Mapping the invisible in the city means putting what is ephemeral on the map. The city is, above all, invisible activity: the data on telephone use, social networks, banking transactions, the consumption of basic supplies, check-ins at restaurants and leisure venues, complaints, etc. and also environmental data such as air quality, water and soil quality, noise pollution, etc. This represents huge amounts of data and metadata.

Metadata is what often gives us the most information. The content of a telephone call isn’t what gives us knowledge about the city; it is the metadata associated with the call, such as geolocation, duration, or roaming, which tells us what places in a city are the most visited by tourists or residents and at what times of day.

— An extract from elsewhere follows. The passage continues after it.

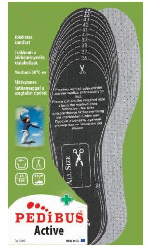 Vászon felsőrészből és aktív szén alsó részből készült. Perforációin keresztül jól szellőzik, ezáltal a cipőben a láb kevésbé izzad. 1 pár talpbetét; Pedibus termék az egész napos komfortért és higiéniáért.
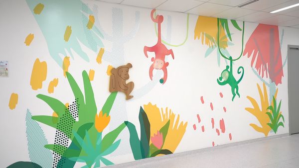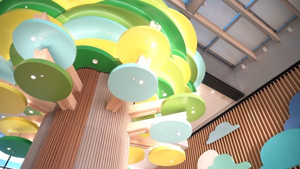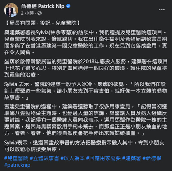聶德權其後引述建築署署長林余家慧指,建築署在設計兒童醫院時營造了一些氣氛,讓小朋友去到醫院時不會害怕,就好像一本立體的動物故事書。林余家慧更憶起當初選取哪些動物做兒童醫院主題時,有一個醫護人員向她表示,選用馬騮作為1樓的主題圖案,因為馬騮喜歡用手飛來飛去,而1樓正是小朋友抽血的地方,他們只要看著、看著,很自然便會把手伸出來讓姑娘抽血。

But we cannot rely on metadata alone; we need to cross-reference this data with other information to find relevant answers. It isn’t just a question of knowing that the air quality data for one place in the city indicates a concentration of nitrogen dioxide above the maximum air pollution levels recommended by the World Health Organization (WHO). We also need to know where and when that data was collected, on what type of street, what the traffic levels are, what type of population is exposed, their income range, quality of housing, etc. All of this tells us which spaces in the city are most critical to inhabitants’ health. That is the foundation for a change in how cities are designed.

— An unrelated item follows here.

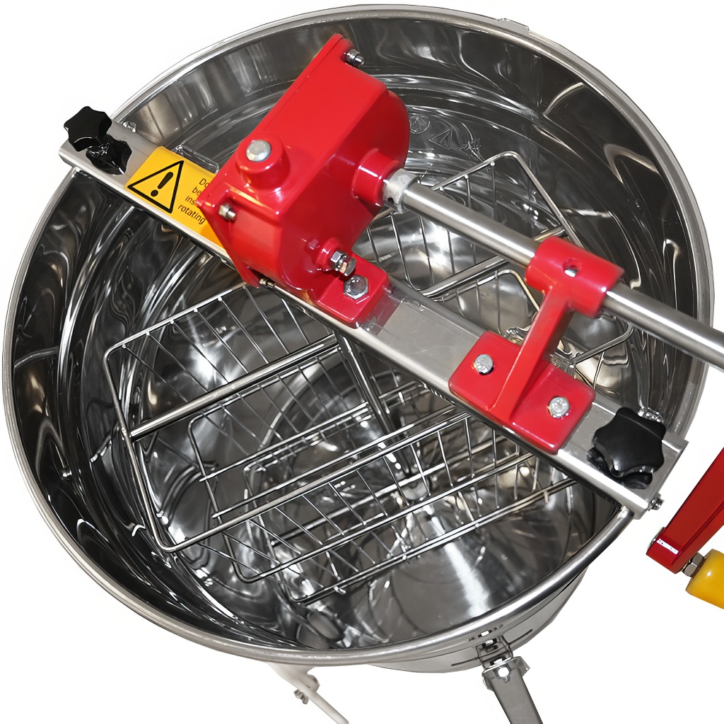 Smelatore tangenziale a due telaini con azionamento manuale. La larghezza del cestello è di 33 cm, quindi lo smelatore è adatto per la maggior parte dei telaini. Lo smelatore è realizzato in lamiera di acciaio inossidabile lucidato, conforme alle certificazioni per il contatto con gli alimenti.

Mapping “the invisible” means mapping everything that we don’t see, everything that has been left off the map. What is it, exactly, that isn’t being mapped? What is it that we aren’t showing that allows systemic inequality, social and environmental injustice to continue?

Evidence as a collective construction

We need evidence because there has been a crime. The crime is the economic system, which, in its most devastating form—neoliberalism—engenders inequality by default and is responsible for our current economic, social, and ecological crisis. We need maps that serve as evidence to help us denounce this situation and propose alternatives.

Constructing cartographic evidence is a political act. Deciding what we consider to be sufficient evidence is also a social construct. This type of cartography is not a mere representation of data; it becomes a presentation of proof. Proof that takes on sufficient authority to question, point out, denounce, to demand responsibilities and changes in the regulations.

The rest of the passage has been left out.